Problem details> Look for "from" in each line of the records, and copy the lines that have it.

Provided data>
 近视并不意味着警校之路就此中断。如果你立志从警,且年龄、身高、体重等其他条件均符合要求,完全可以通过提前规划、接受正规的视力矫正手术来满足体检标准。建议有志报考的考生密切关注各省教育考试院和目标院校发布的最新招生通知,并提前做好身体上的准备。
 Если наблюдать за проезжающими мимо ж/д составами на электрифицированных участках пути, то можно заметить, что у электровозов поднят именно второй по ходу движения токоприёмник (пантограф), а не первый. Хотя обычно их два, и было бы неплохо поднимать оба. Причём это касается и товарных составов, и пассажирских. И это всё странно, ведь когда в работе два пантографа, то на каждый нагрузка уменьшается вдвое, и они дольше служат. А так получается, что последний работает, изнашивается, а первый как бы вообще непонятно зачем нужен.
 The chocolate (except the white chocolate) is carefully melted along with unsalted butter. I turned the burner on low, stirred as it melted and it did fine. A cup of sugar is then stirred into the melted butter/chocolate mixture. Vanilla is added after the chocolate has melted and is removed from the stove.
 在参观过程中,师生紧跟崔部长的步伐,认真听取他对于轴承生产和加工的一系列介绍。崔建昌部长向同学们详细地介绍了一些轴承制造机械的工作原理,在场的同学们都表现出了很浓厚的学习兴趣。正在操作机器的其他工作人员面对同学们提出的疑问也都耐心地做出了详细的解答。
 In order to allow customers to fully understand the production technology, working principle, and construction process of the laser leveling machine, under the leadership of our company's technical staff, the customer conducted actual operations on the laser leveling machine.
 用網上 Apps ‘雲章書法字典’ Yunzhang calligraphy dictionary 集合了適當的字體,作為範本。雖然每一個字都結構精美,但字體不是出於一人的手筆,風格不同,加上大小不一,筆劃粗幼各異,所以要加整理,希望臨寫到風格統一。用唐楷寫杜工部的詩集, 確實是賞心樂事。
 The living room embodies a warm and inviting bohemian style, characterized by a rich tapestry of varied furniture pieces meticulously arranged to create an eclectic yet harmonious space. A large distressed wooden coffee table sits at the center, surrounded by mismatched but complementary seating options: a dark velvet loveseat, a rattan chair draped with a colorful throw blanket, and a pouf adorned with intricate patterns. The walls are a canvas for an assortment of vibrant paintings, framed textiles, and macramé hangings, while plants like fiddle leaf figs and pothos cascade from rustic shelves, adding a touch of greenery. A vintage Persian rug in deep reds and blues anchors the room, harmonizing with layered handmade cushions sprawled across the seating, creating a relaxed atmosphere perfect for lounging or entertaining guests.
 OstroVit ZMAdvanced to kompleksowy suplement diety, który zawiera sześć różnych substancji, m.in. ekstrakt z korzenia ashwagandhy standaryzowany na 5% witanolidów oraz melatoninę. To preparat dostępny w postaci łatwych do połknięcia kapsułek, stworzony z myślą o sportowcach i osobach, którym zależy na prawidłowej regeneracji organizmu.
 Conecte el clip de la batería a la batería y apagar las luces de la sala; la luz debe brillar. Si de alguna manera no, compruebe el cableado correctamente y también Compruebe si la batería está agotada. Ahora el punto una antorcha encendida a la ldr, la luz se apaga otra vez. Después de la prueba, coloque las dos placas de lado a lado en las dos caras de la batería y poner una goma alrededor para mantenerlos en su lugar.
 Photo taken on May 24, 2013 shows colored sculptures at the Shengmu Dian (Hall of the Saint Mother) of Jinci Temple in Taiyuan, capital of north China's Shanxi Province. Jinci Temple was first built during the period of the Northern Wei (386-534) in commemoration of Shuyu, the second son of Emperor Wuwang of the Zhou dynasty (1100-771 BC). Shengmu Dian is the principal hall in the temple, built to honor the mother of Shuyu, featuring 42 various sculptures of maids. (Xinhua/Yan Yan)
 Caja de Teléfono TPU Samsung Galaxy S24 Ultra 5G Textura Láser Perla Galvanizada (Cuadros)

Output below>
 The chocolate (except the white chocolate) is carefully melted along with unsalted butter. I turned the burner on low, stirred as it melted and it did fine. A cup of sugar is then stirred into the melted butter/chocolate mixture. Vanilla is added after the chocolate has melted and is removed from the stove.
 The living room embodies a warm and inviting bohemian style, characterized by a rich tapestry of varied furniture pieces meticulously arranged to create an eclectic yet harmonious space. A large distressed wooden coffee table sits at the center, surrounded by mismatched but complementary seating options: a dark velvet loveseat, a rattan chair draped with a colorful throw blanket, and a pouf adorned with intricate patterns. The walls are a canvas for an assortment of vibrant paintings, framed textiles, and macramé hangings, while plants like fiddle leaf figs and pothos cascade from rustic shelves, adding a touch of greenery. A vintage Persian rug in deep reds and blues anchors the room, harmonizing with layered handmade cushions sprawled across the seating, creating a relaxed atmosphere perfect for lounging or entertaining guests.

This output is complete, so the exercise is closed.